- Jack Creek Guard Station
- U.S. National Register of Historic Places
- Nearest city: Saratoga, Wyoming
- Coordinates: 41°16′23″N 107°6′32″W﻿ / ﻿41.27306°N 107.10889°W
- Area: 0.5 acres (0.20 ha)
- Built: 1933
- Built by: Evan J. Williams
- Architectural style: Rocky Mountain cabin style
- NRHP reference No.: 86001101
- Added to NRHP: May 15, 1986

= Jack Creek Guard Station =

The Jack Creek Guard Station is a ranger patrol cabin in Medicine Bow National Forest in Carbon County, Wyoming. The one-room log cabin was built by U.S. Forest Service district ranger Evan John Williams in 1933–34. It was built to Forest Service Plan A-4, featuring half-dovetailed corners and a deep front porch with a gabled wood shake roof. A stove is vented through a brick chimney at the back of the cabin.
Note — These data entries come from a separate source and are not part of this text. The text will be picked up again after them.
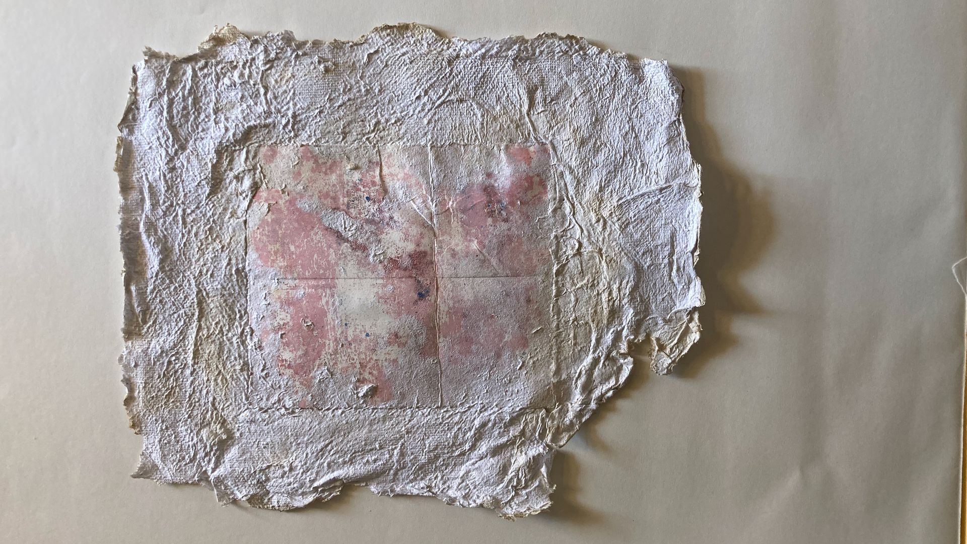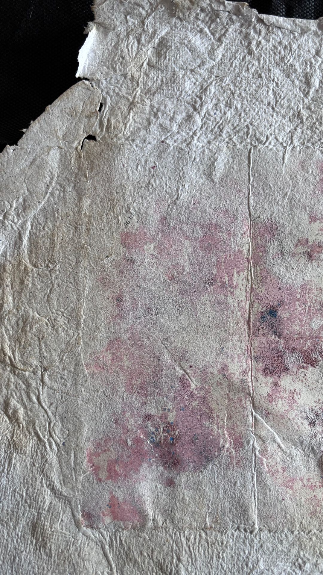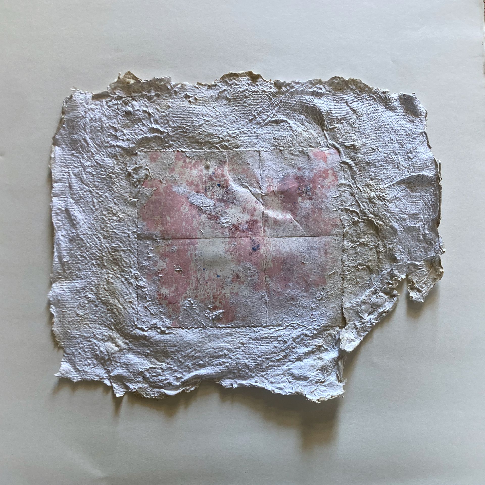 Monotype de 2024 sur papier fondu dans du papier issu des cours de mon fils cadet.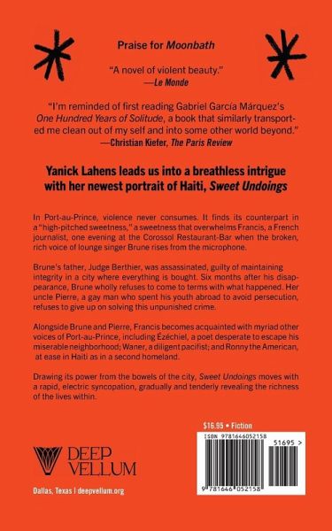 Yanick Lahens leads us into a breathless intrigue with her newest portrait of Haiti, Sweet Undoings. In Port-au-Prince, violence never consumes. It finds its counterpart in a "high-pitched sweetness", a sweetness that overwhelms Francis, a French journalist, one evening at the Corossol Restaurant-Bar, when the broken, rich voice of lounge singer Brune rises from the microphone. Brune's father, Judge Berthier, was assassinated, guilty of maintaining integrity in a city where everything is bought. Six months after this disappearance, Brune wholly refuses to come to terms with what happened. Her uncle Pierre, a gay man who spent his youth abroad to avoid persecution, refuses to give up on solving this unpunished crime. Alongside Brune and Pierre, Francis becomes acquainted with myriad other voices of Port-au-Prince, including Ézèchiel, a poet desperate to escape his miserable neighborhood; Waner, a diligent pacifist; and Ronny the American, at ease in Haiti as in a second homeland. Drawing its power from the bowels of the city, Sweet Undoings moves with a rapid, electric syncopation, gradually and tenderly revealing the richness of the lives within.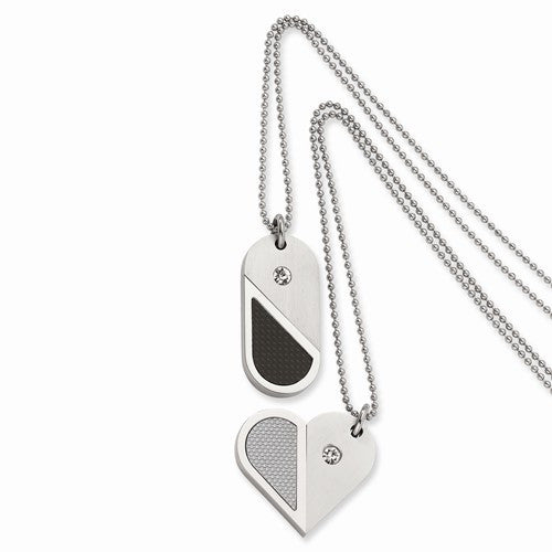 Stainless Steel Dog Tag Heart Convertible Pendant On Necklace
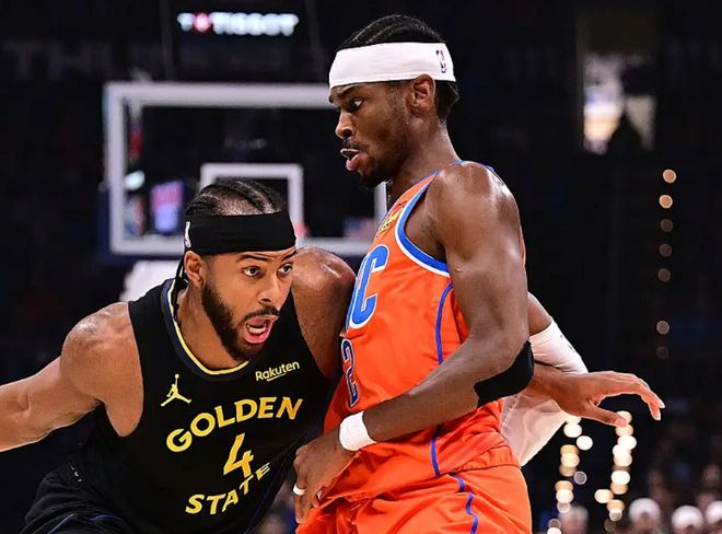 北京时间11月12日,NBA常规赛迎来一场焦点大战,雷霆主场对阵勇士。此前雷霆战绩10胜1负,排名西部第一,勇士战绩6胜5负,排名西部第七。首先,这支雷霆在二当家杰威长时间养伤,且多位重要角色球员因伤病进进出出的情况下,还能打出联盟第一的战绩,确实印证了他们可怕的阵容深度和强大的整体实力。列举几个数据,雷霆本赛季场均控制失分108.8分联盟第一,防守效率105.8联盟第一!净效率值+13.2联盟第一,和他们能在同一水平线的只有掘金,当然,掘金是进攻大队,雷霆这几个赛季,可都是防守最强的球队。

In his career with the Forest Service Williams built or renovated five other ranger stations one hundred miles of trail, two fire lookouts and miles of fencing and telephone line. Williams died in 1970. His ashes are interred a short distance behind the cabin.

The Jack Creek Guard Station was placed on the National Register of Historic Places on May 15, 1986.